IP AMaths Notes (Upper Sec, Year 3-4): 17) Integration Essentials

Integration is the inverse of differentiation. Start with antiderivatives and practice evaluating definite integrals.

Fundamental rules

• Reverse power: \( \int x^n , dx = \tfrac{1}{n + 1} x^{n+1} + C \) for \( n \neq -1 \).
• Log form: \( \int \tfrac{1}{x} dx = \ln |x| + C \).
• Constant multiple and sum integrate term by term.

Worked example 1 — Definite integral

Evaluate \( \int_1^3 (4x^{2} - 6x + 5) , dx \).

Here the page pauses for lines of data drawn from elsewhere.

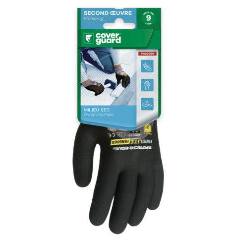 EUROLITE ÖKÖLCSONTIG FEKETE MIKROHAB. NITRIL+PETTY_BLISZT_9 * 15-ös kötésű, erős szakítás- és kopásállóságú szürke nylon / spandex * ökölcsontig fekete szellőző mikrohabosított nitrillel mártott, tenyerén csúszásbiztos pettyekkel * könnyű, kieme
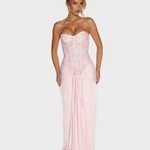 Zavodljiva. Sofisticirana. Nezaboravna. Selina Maxi haljina spaja senzualnu ženstvenost s luksuznom večernjom odjećom. Korzet s blistavim aplikacijama stvara zadivljujuću siluetu, dok lepršava suknja elegantno pada preko bokova, savršeno naglašavajući vašu figuru. Haljina koja dodaje glamur svakom pokretu - idealna za posebne prigode, elegantne događaje ili večeri kada želite biti u središtu pažnje.
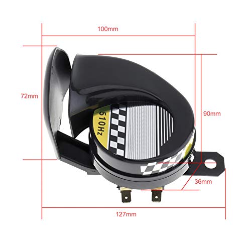 Ampia applicazione: Il clacson a chiocciola per auto è adatto per automobili, camion e altri veicoli DC 12V, che è universale per la maggior parte delle motociclette, go-kart, dirt bike, pocket bike e auto automatiche con una potenza di 12V.
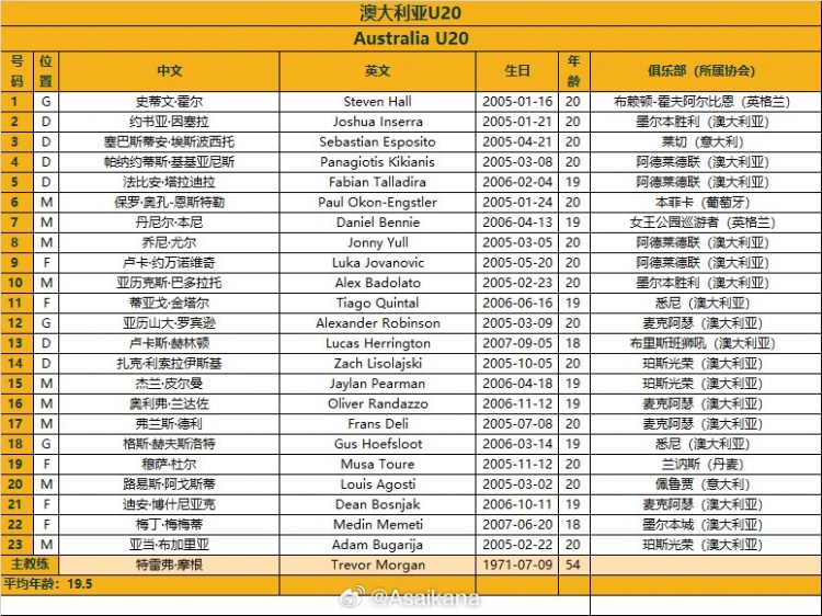 2月17日讯 明晚19:30,U20亚洲杯A组第三轮国青将迎战澳大利亚U20。今日德转中国区管理员朱艺更新社媒,晒出了本场国青的23人大名单。
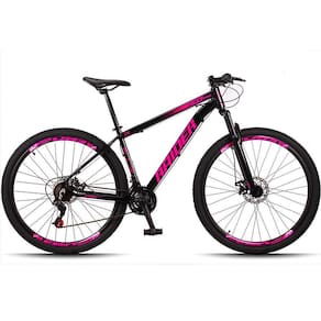 Bicicleta 29 Raider Z3X Pro 21V Freio a Disco e Suspensão Quadro Alumínio MTB - 19-Preto+Rosa
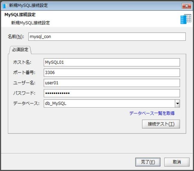 接続テストボタンをクリックすると、データベースに指定したデータベースに接続できるかどうかを確認できます。
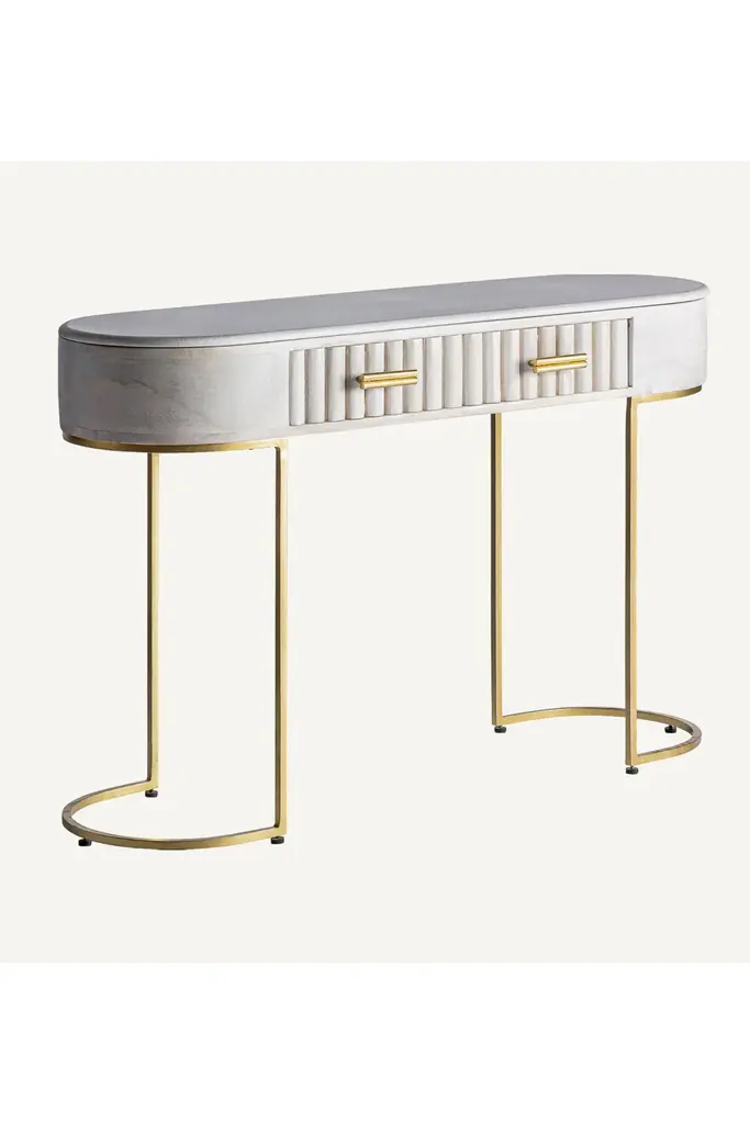 The Glees Console Table by Vical Home is the essence of elegance. Made from mango wood with iron and brass details, its cream and gold finish is simply stunning. Glees is perfect for enhancing your entrance or living room. If you are looking for a piece of furniture that combines beauty and functionality, the elegant Glees console table is the perfect choice.

1. Antiderivative: \( \tfrac{4}{3} x^{3} - 3x^{2} + 5x \).
2. Substitute bounds: \( \Bigl[\tfrac{4}{3} x^{3} - 3x^{2} + 5x\Bigr]_1^3 \).
3. Compute: at \( x = 3 \), value is \( \tfrac{4}{3} \times 27 - 27 + 15 = 36 - 27 + 15 = 24 \).
4. At \( x = 1 \), value is \( \tfrac{4}{3} - 3 + 5 = \tfrac{4}{3} + 2 \).
5. Difference: \( 24 - \bigl(\tfrac{4}{3} + 2\bigr) = \tfrac{72}{3} - \tfrac{10}{3} = \tfrac{62}{3} \).

Worked example 2 — Substitution

Evaluate \( \int_0^1 6x (x^{2} + 1)^2 , dx \).

1. Let \( u = x^{2} + 1 \); then \( \dfrac{du}{dx} = 2x \) so \( x , dx = \tfrac{1}{2} du \).
2. When \( x = 0 \), \( u = 1 \); when \( x = 1 \), \( u = 2 \).
3. Integral becomes \( \int_1^2 6 \times \tfrac{1}{2} u^{2} , du = 3 \int_1^2 u^{2} , du \).
4. Evaluate: \( 3 \Bigl[ \tfrac{1}{3} u^{3} \Bigr]_1^2 = \Bigl[ u^{3} \Bigr]_1^2 = 8 - 1 = 7 \).

Try this

Integrate \( \int (5x^4 - 3x + 2) , dx \) and state the constant of integration explicitly.